*Work task*. Give the records below again in full, exactly as written, but without any images.

*** Begin section ***

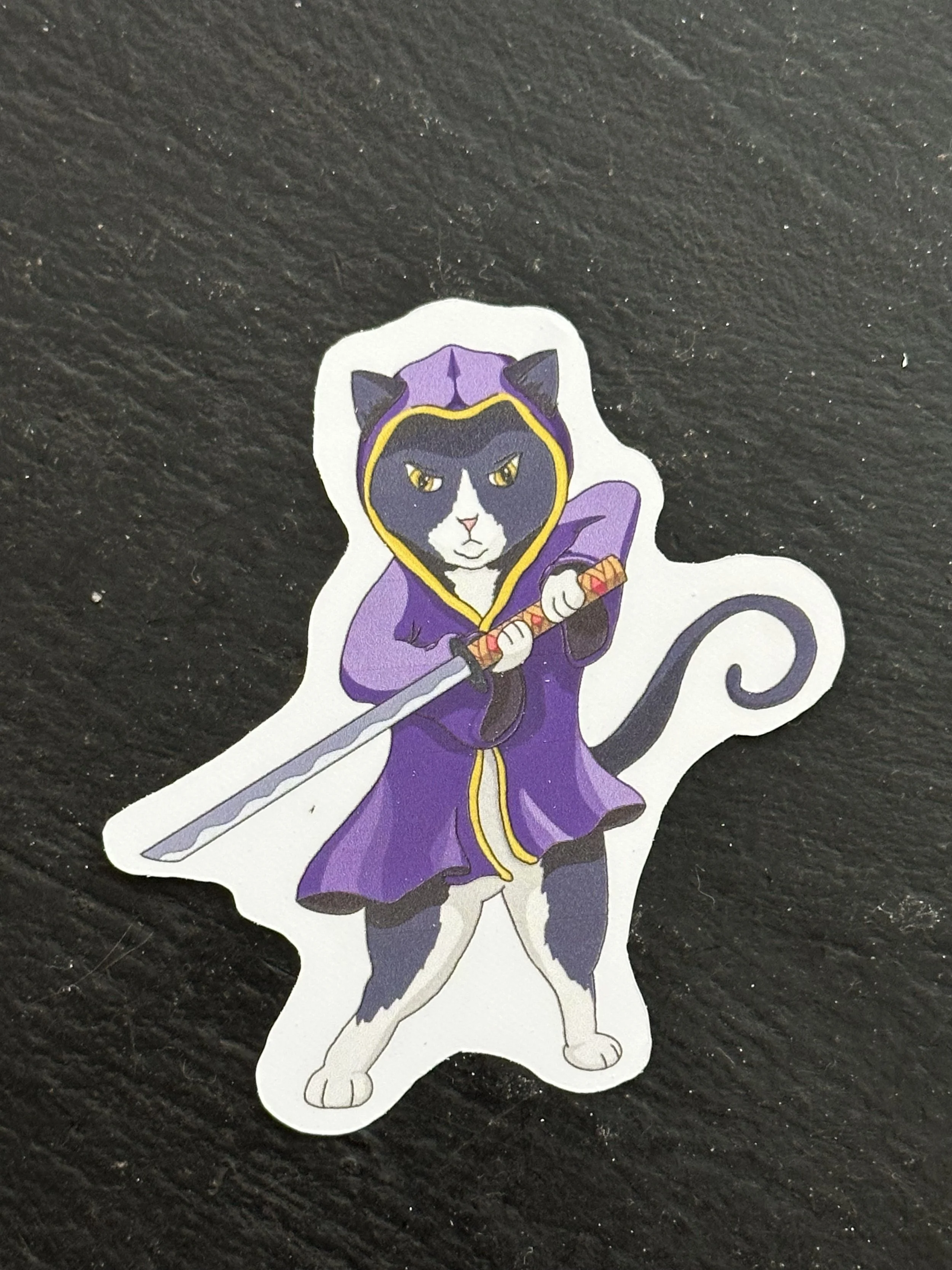 Shop › Ninja Cat, Sticker Image 1 of 2 Image 2 of 2 Ninja Cat, Sticker $3.50 Sticker featuring a cat with a ninja sword Quantity: Add To Cart Added! Sticker featuring a cat with a ninja sword
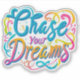 El pegatina Chase Your Dreams presenta una tipografía audaz y edificante con un estilo limpio y moderno que despierta motivación a primera vista. Su diseño vibrante y su acabado liso lo convierten en un lugar destacado en cualquier superficie. ¡Ideal para darle un toque de inspiración a tu rutina diaria!
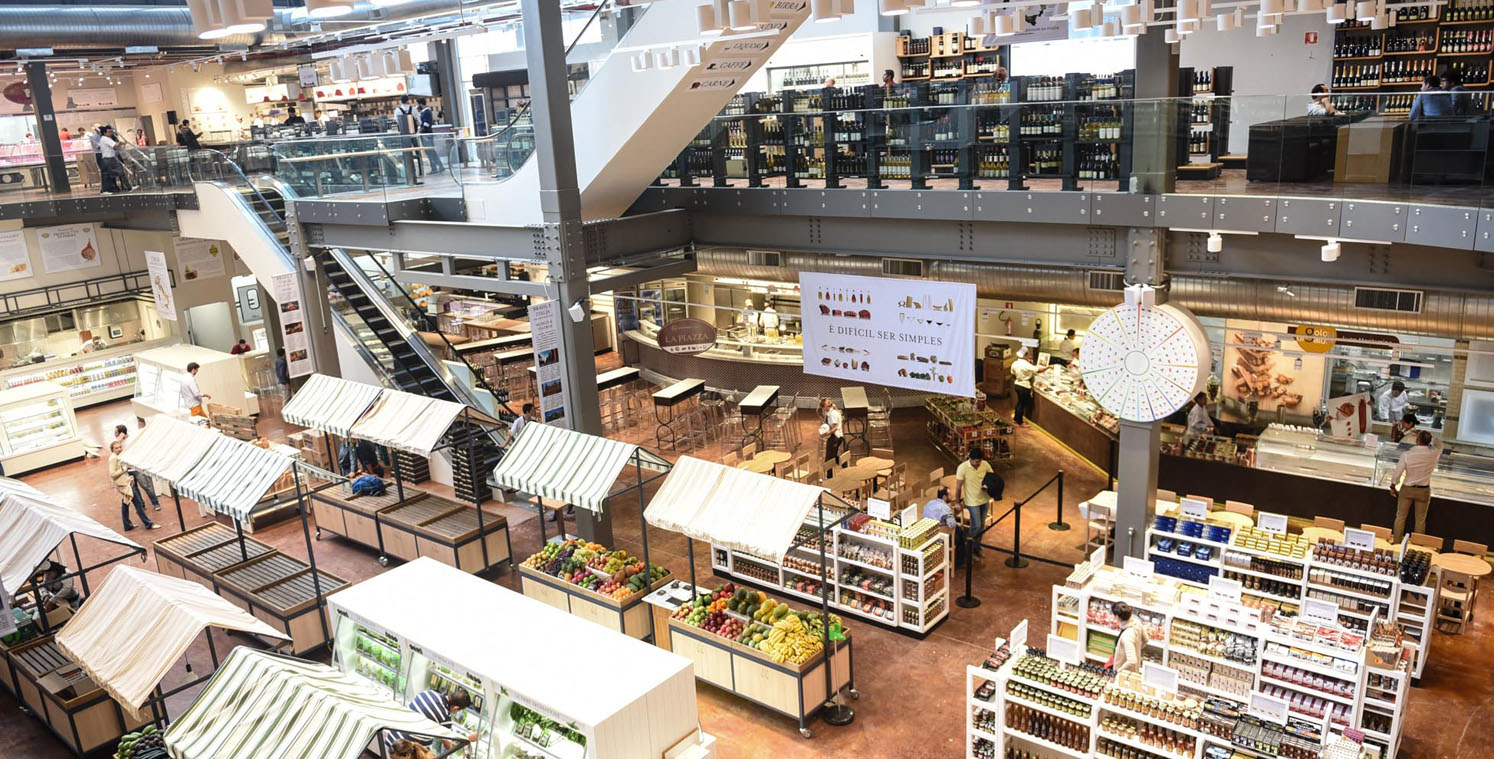 Além de saborear os pratos nas belas estruturas do mercadão italiano também é possível comprar vários alimentos para levar para a casa — águas, vinhos, carnes, queijos, massas, doces e muito mais.
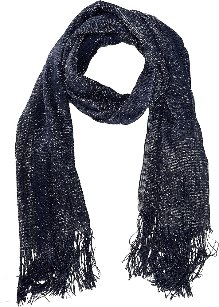 New by Peach Couture (A Registered Trademark). Sparkle and Shine all summer long with these glamorous glitter scarves. The fringe on the ends is fun and flowing great for the cool summer breeze. The new peach Couture Metallic Shimmer Scarf is ageless and very versatile. It gleams in any light thanks to the stitching detail of this fine polyester material. It is extremely light weight and sheer for the summer heat. Get it for yourself for a casual style with a pair of jeans, for an evening stroll, dressed up for a summer wedding, or get one for a young girl to play princess or start them off early as a young fashionista. Whatever the age or the occasion this scarf is sure to add a touch of style.
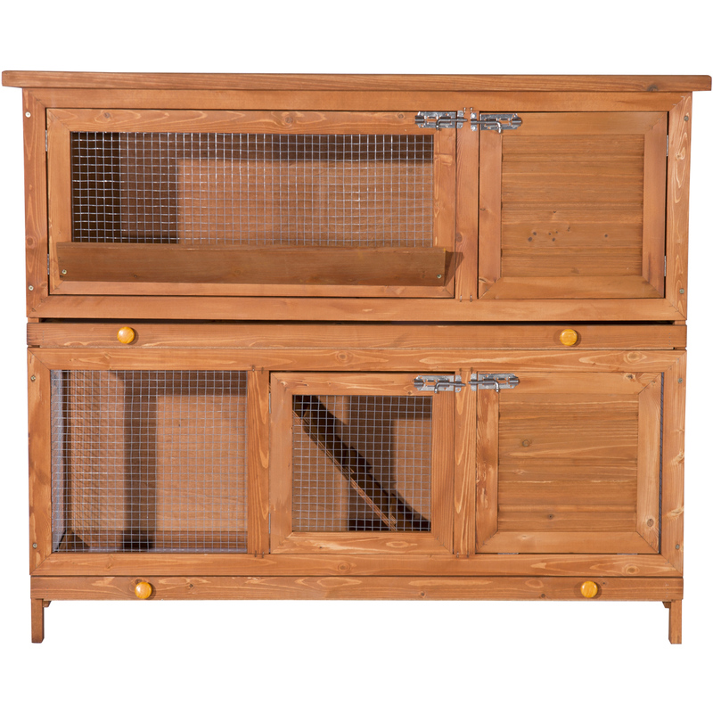 Pawhut - Cage a lapin poulailler clapier en bois de pin de grande taille avec 2 etages 120x48x100 cm
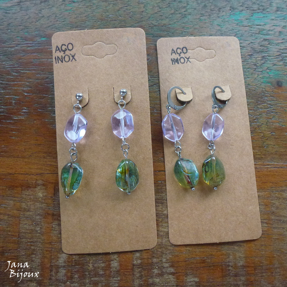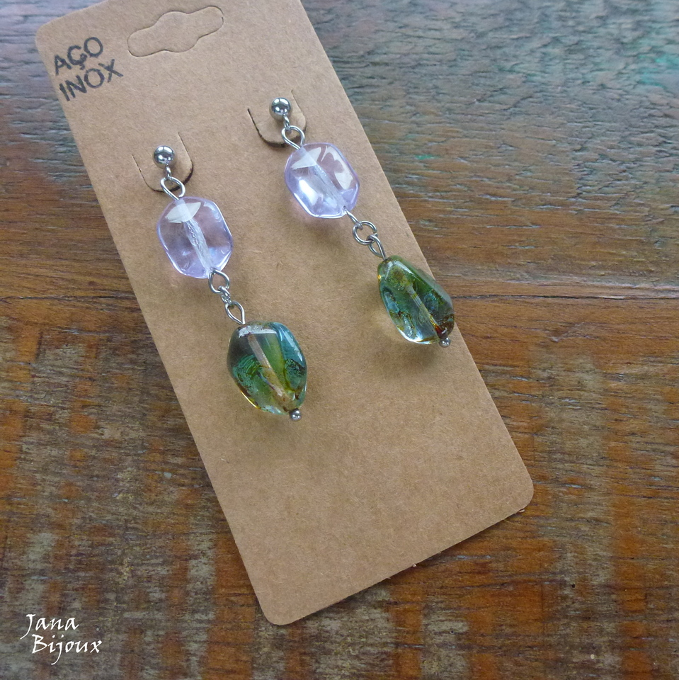Brincos de aço inox com vidro, fecho de tarraxa, comprimento 4,8 cm R$ 22,00
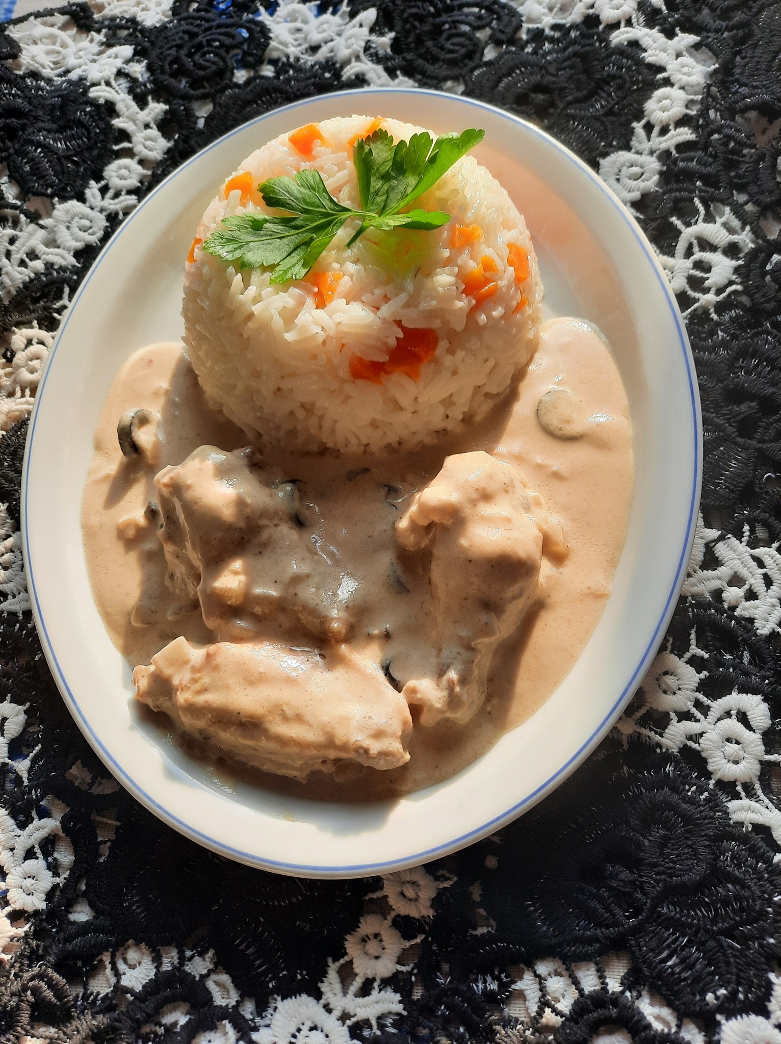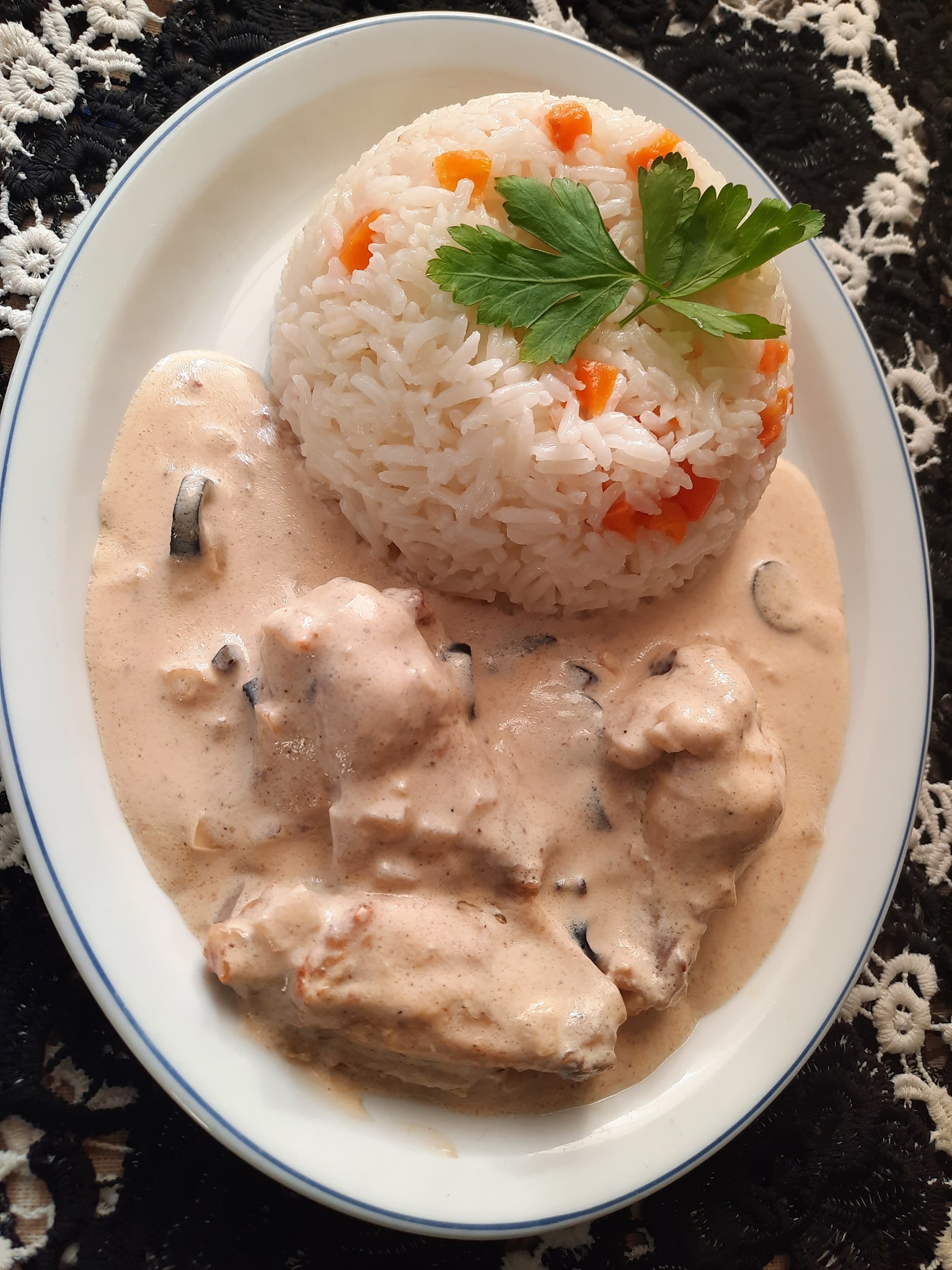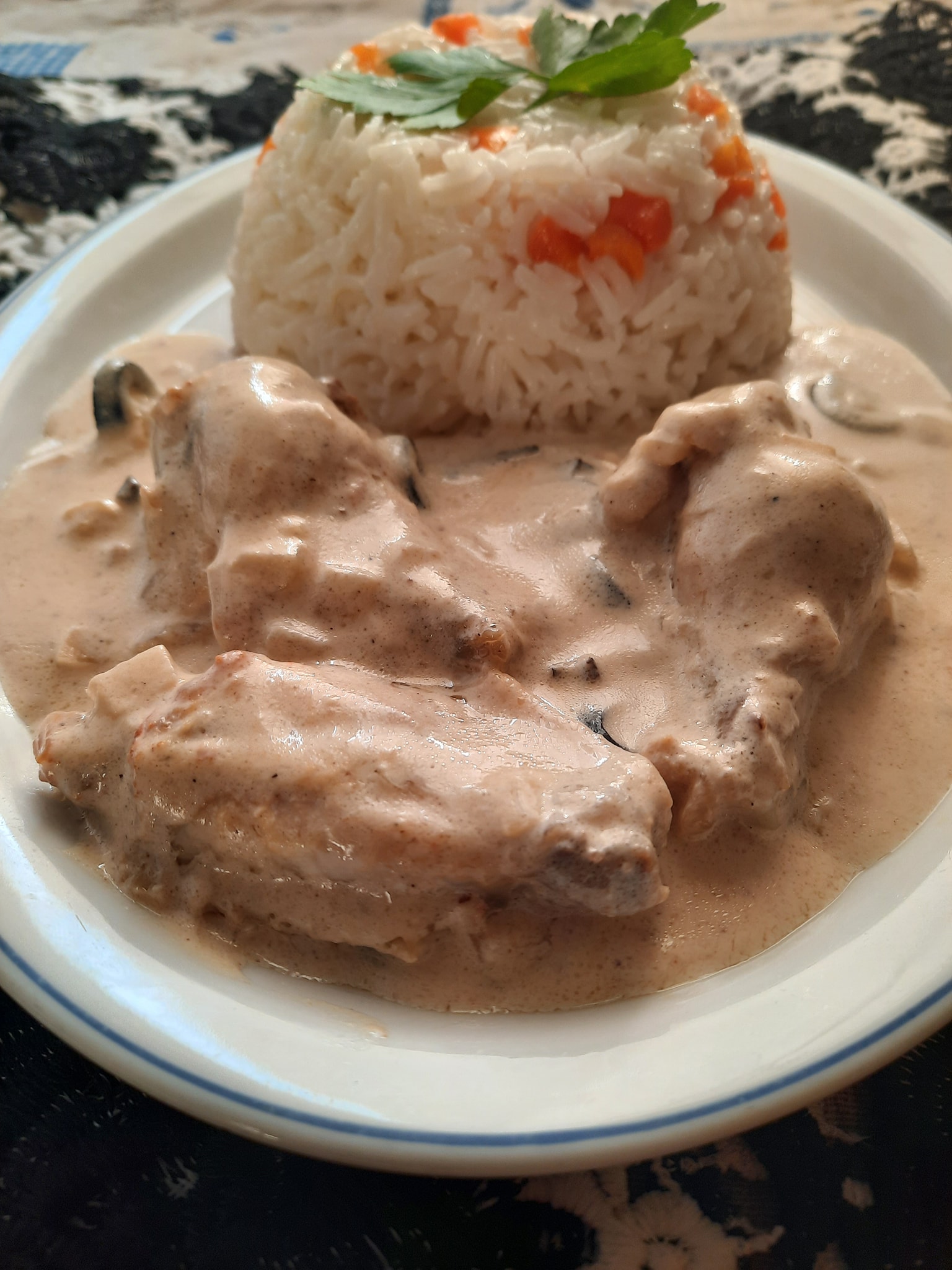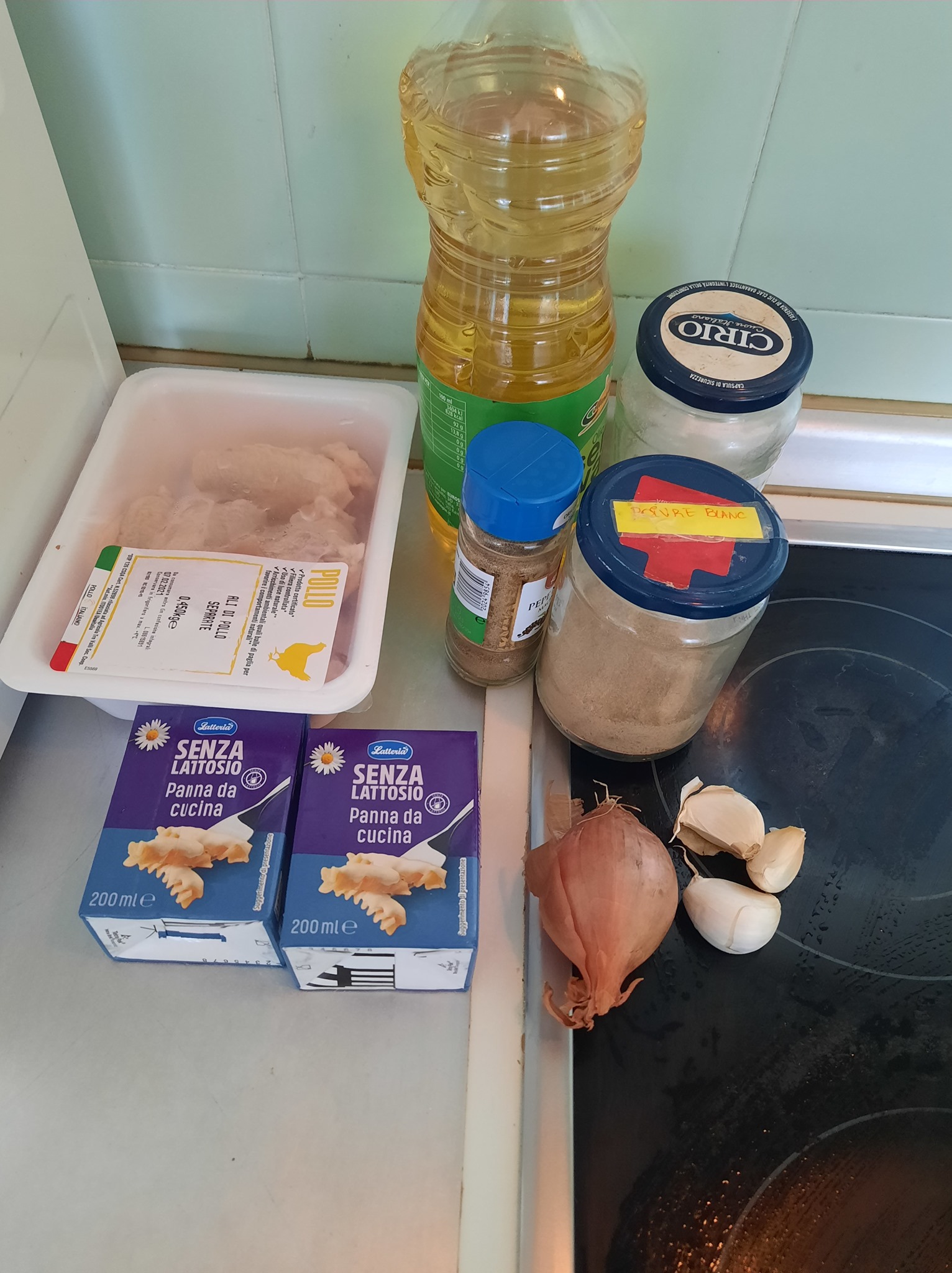 Pour un repas de 4 personnes j’ai utilisé 400g de crème fraîche et 450g de d’ailes de poulet
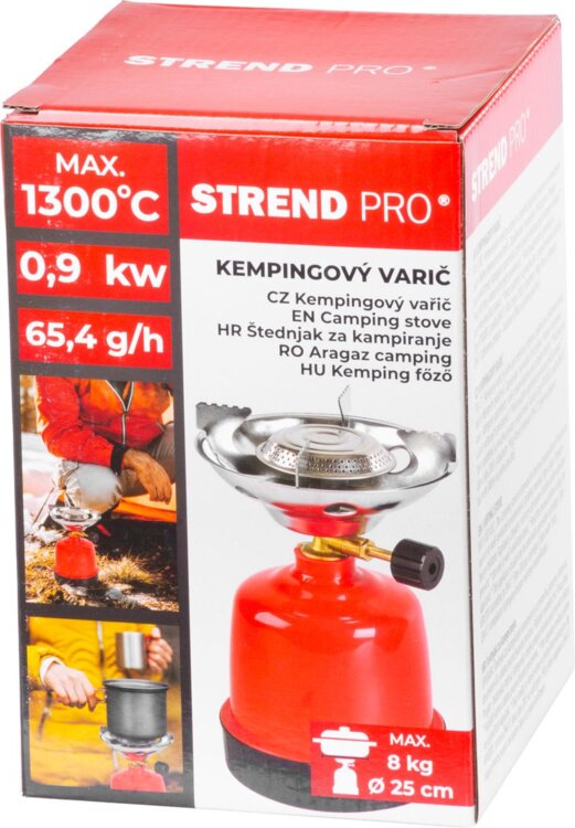 Kempingový varič Strend Pro 1002B je určený na tepelnú úpravu pokrmov vo vonkajšom alebo dobre vetranom prostredí. Skvelý na kempovanie, rybárčenie, piknik či chatárčenie. Maximálna teplota horáka dosahuje 1300 °C. Varič sa používa len s prepichovacou kartušou s obsahom 190 g plnenou propán-butánom, ktorá vyhovuje EN 417.

*** End section ***

*Exercise solution*.
 Shop › Ninja Cat, Sticker Image 1 of 2 Image 2 of 2 Ninja Cat, Sticker $3.50 Sticker featuring a cat with a ninja sword Quantity: Add To Cart Added! Sticker featuring a cat with a ninja sword
 El pegatina Chase Your Dreams presenta una tipografía audaz y edificante con un estilo limpio y moderno que despierta motivación a primera vista. Su diseño vibrante y su acabado liso lo convierten en un lugar destacado en cualquier superficie. ¡Ideal para darle un toque de inspiración a tu rutina diaria!
 Além de saborear os pratos nas belas estruturas do mercadão italiano também é possível comprar vários alimentos para levar para a casa — águas, vinhos, carnes, queijos, massas, doces e muito mais.
 New by Peach Couture (A Registered Trademark). Sparkle and Shine all summer long with these glamorous glitter scarves. The fringe on the ends is fun and flowing great for the cool summer breeze. The new peach Couture Metallic Shimmer Scarf is ageless and very versatile. It gleams in any light thanks to the stitching detail of this fine polyester material. It is extremely light weight and sheer for the summer heat. Get it for yourself for a casual style with a pair of jeans, for an evening stroll, dressed up for a summer wedding, or get one for a young girl to play princess or start them off early as a young fashionista. Whatever the age or the occasion this scarf is sure to add a touch of style.
 Pawhut - Cage a lapin poulailler clapier en bois de pin de grande taille avec 2 etages 120x48x100 cm
Brincos de aço inox com vidro, fecho de tarraxa, comprimento 4,8 cm R$ 22,00
 Pour un repas de 4 personnes j’ai utilisé 400g de crème fraîche et 450g de d’ailes de poulet
 Kempingový varič Strend Pro 1002B je určený na tepelnú úpravu pokrmov vo vonkajšom alebo dobre vetranom prostredí. Skvelý na kempovanie, rybárčenie, piknik či chatárčenie. Maximálna teplota horáka dosahuje 1300 °C. Varič sa používa len s prepichovacou kartušou s obsahom 190 g plnenou propán-butánom, ktorá vyhovuje EN 417.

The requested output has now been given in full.